**Available data:**
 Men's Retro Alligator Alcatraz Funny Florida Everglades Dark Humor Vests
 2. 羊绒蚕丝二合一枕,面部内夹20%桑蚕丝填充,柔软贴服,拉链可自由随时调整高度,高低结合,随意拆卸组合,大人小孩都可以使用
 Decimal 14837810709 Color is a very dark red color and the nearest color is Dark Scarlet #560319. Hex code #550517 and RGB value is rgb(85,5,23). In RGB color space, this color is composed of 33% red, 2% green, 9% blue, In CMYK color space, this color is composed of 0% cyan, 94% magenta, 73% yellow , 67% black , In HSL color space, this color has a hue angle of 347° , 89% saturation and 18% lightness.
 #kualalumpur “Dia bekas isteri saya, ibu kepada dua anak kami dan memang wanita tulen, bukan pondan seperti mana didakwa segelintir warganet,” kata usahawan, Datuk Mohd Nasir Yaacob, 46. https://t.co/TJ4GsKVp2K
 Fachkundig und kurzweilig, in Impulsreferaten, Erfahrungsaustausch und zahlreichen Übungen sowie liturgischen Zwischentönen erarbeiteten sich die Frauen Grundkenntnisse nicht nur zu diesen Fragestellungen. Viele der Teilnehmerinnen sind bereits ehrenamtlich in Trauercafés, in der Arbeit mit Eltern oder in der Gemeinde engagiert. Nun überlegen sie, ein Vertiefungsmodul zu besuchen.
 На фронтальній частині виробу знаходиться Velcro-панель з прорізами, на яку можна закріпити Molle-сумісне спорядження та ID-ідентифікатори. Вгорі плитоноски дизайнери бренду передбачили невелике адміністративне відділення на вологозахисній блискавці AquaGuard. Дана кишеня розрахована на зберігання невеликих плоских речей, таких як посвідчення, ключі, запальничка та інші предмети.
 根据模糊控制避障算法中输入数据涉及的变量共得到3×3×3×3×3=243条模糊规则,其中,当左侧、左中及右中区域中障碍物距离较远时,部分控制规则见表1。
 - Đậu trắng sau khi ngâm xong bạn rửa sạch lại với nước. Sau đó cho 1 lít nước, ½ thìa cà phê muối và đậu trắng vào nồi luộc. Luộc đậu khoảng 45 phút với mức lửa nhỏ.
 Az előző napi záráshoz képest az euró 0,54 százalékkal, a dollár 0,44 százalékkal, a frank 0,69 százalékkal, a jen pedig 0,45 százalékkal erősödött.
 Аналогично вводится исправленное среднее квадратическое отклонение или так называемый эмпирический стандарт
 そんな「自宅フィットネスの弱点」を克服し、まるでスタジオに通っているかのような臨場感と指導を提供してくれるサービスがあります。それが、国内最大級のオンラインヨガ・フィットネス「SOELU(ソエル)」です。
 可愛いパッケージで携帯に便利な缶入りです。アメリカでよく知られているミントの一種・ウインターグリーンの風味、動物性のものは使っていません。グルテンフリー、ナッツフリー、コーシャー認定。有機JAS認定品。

**Exercise requirements:** Your task is to retype all the records above with nothing left out.

**Task answer:**
 Men's Retro Alligator Alcatraz Funny Florida Everglades Dark Humor Vests
 2. 羊绒蚕丝二合一枕,面部内夹20%桑蚕丝填充,柔软贴服,拉链可自由随时调整高度,高低结合,随意拆卸组合,大人小孩都可以使用
 Decimal 14837810709 Color is a very dark red color and the nearest color is Dark Scarlet #560319. Hex code #550517 and RGB value is rgb(85,5,23). In RGB color space, this color is composed of 33% red, 2% green, 9% blue, In CMYK color space, this color is composed of 0% cyan, 94% magenta, 73% yellow , 67% black , In HSL color space, this color has a hue angle of 347° , 89% saturation and 18% lightness.
 #kualalumpur “Dia bekas isteri saya, ibu kepada dua anak kami dan memang wanita tulen, bukan pondan seperti mana didakwa segelintir warganet,” kata usahawan, Datuk Mohd Nasir Yaacob, 46. https://t.co/TJ4GsKVp2K
 Fachkundig und kurzweilig, in Impulsreferaten, Erfahrungsaustausch und zahlreichen Übungen sowie liturgischen Zwischentönen erarbeiteten sich die Frauen Grundkenntnisse nicht nur zu diesen Fragestellungen. Viele der Teilnehmerinnen sind bereits ehrenamtlich in Trauercafés, in der Arbeit mit Eltern oder in der Gemeinde engagiert. Nun überlegen sie, ein Vertiefungsmodul zu besuchen.
 На фронтальній частині виробу знаходиться Velcro-панель з прорізами, на яку можна закріпити Molle-сумісне спорядження та ID-ідентифікатори. Вгорі плитоноски дизайнери бренду передбачили невелике адміністративне відділення на вологозахисній блискавці AquaGuard. Дана кишеня розрахована на зберігання невеликих плоских речей, таких як посвідчення, ключі, запальничка та інші предмети.
 根据模糊控制避障算法中输入数据涉及的变量共得到3×3×3×3×3=243条模糊规则,其中,当左侧、左中及右中区域中障碍物距离较远时,部分控制规则见表1。
 - Đậu trắng sau khi ngâm xong bạn rửa sạch lại với nước. Sau đó cho 1 lít nước, ½ thìa cà phê muối và đậu trắng vào nồi luộc. Luộc đậu khoảng 45 phút với mức lửa nhỏ.
 Az előző napi záráshoz képest az euró 0,54 százalékkal, a dollár 0,44 százalékkal, a frank 0,69 százalékkal, a jen pedig 0,45 százalékkal erősödött.
 Аналогично вводится исправленное среднее квадратическое отклонение или так называемый эмпирический стандарт
 そんな「自宅フィットネスの弱点」を克服し、まるでスタジオに通っているかのような臨場感と指導を提供してくれるサービスがあります。それが、国内最大級のオンラインヨガ・フィットネス「SOELU(ソエル)」です。
 可愛いパッケージで携帯に便利な缶入りです。アメリカでよく知られているミントの一種・ウインターグリーンの風味、動物性のものは使っていません。グルテンフリー、ナッツフリー、コーシャー認定。有機JAS認定品。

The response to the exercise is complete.